[Start of section]
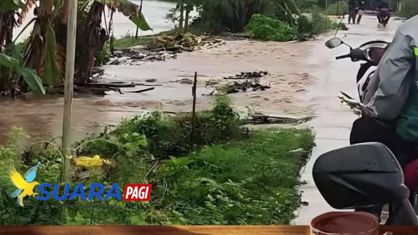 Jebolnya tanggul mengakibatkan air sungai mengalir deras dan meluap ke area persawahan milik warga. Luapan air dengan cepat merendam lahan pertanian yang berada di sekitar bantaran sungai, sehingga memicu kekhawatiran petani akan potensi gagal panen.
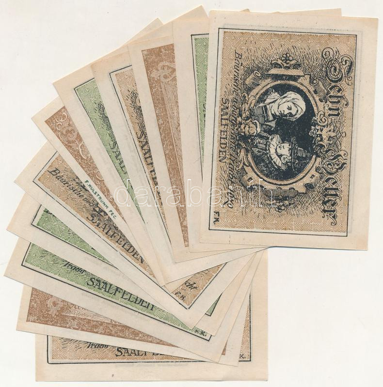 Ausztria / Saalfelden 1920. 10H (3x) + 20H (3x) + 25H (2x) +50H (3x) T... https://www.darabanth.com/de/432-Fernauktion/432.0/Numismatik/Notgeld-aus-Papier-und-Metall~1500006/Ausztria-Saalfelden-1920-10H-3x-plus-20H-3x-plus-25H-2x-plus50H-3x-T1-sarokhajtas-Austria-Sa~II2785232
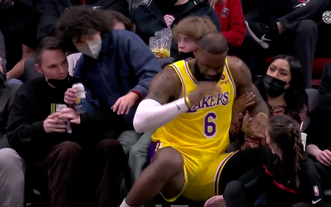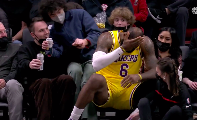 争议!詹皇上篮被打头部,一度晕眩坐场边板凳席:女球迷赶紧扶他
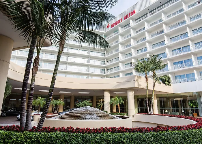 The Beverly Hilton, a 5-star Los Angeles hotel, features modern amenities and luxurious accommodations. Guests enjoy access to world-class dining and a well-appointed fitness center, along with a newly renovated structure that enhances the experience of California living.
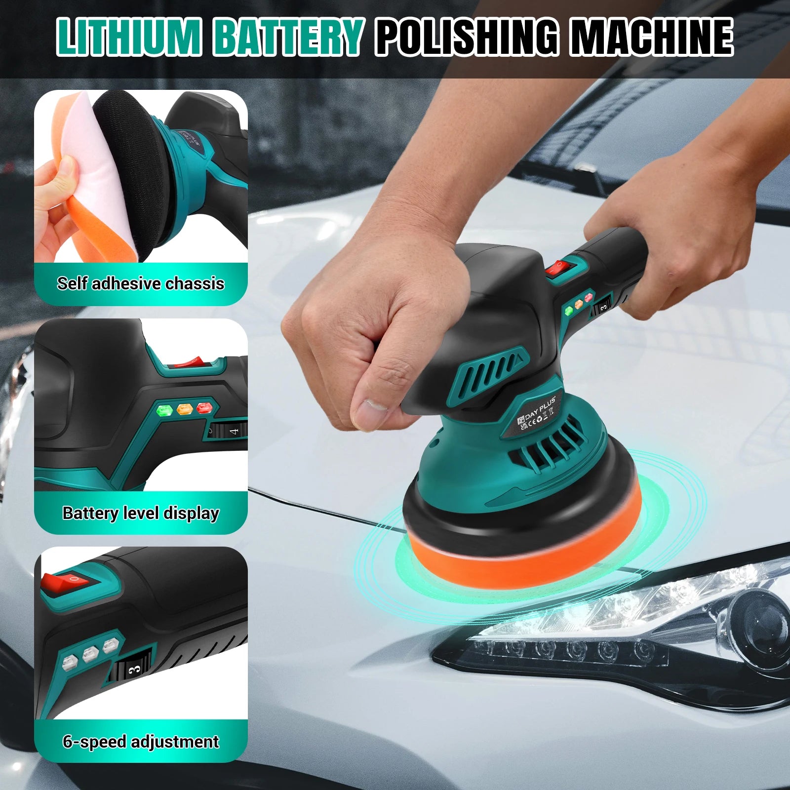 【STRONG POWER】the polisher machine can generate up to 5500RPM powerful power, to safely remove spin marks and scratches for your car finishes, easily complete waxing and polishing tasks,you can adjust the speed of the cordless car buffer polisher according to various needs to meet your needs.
[End of section]
[Start of section]
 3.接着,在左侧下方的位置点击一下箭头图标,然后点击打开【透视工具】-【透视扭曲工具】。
[End of section]
[Start of section]
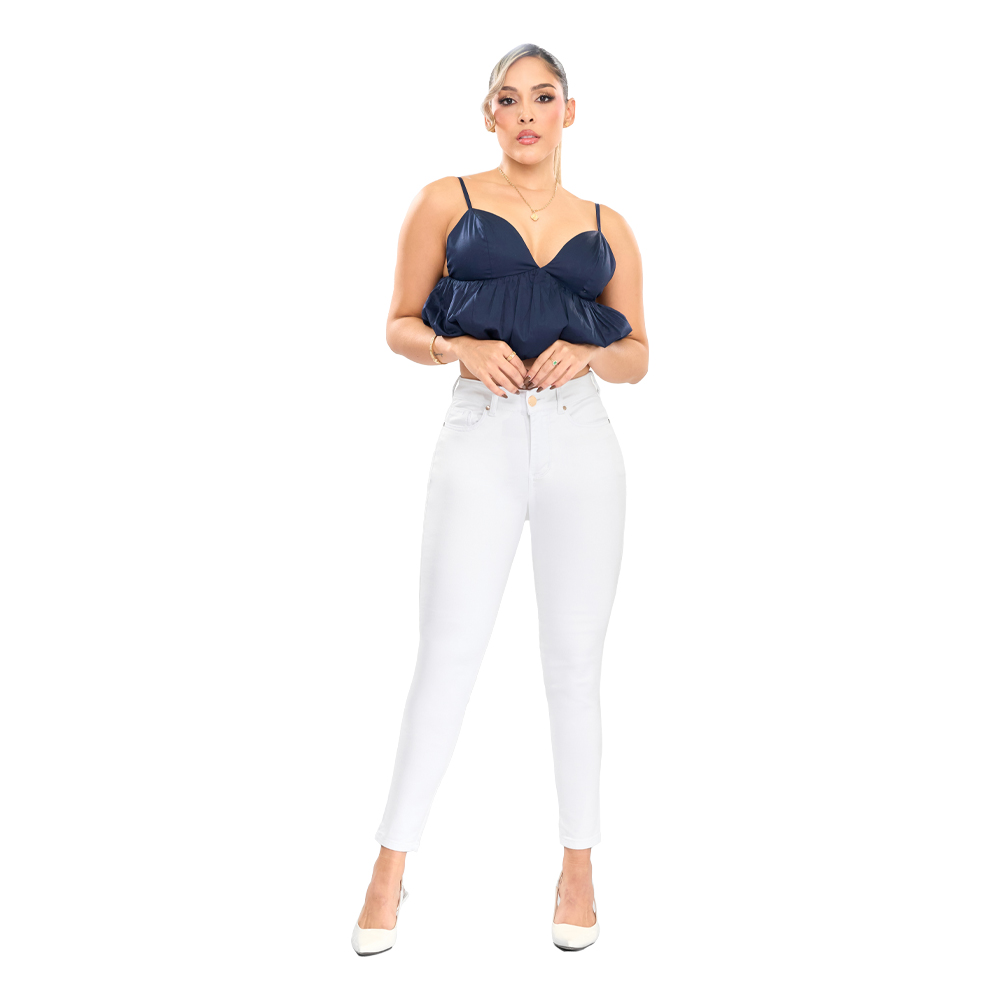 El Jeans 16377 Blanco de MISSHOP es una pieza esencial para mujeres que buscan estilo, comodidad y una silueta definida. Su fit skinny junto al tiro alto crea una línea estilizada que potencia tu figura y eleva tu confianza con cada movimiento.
[End of section]
= BRIEF =
In the data above, find the line containing "争议!詹皇上篮被打头部,一度晕眩坐场边板凳席:女球迷赶紧扶他" and the line containing "meet your needs.". Copy exactly the stretch from the first through the second, both included, leaving out any picture.

= REPLY =
 争议!詹皇上篮被打头部,一度晕眩坐场边板凳席:女球迷赶紧扶他
 The Beverly Hilton, a 5-star Los Angeles hotel, features modern amenities and luxurious accommodations. Guests enjoy access to world-class dining and a well-appointed fitness center, along with a newly renovated structure that enhances the experience of California living.
 【STRONG POWER】the polisher machine can generate up to 5500RPM powerful power, to safely remove spin marks and scratches for your car finishes, easily complete waxing and polishing tasks,you can adjust the speed of the cordless car buffer polisher according to various needs to meet your needs.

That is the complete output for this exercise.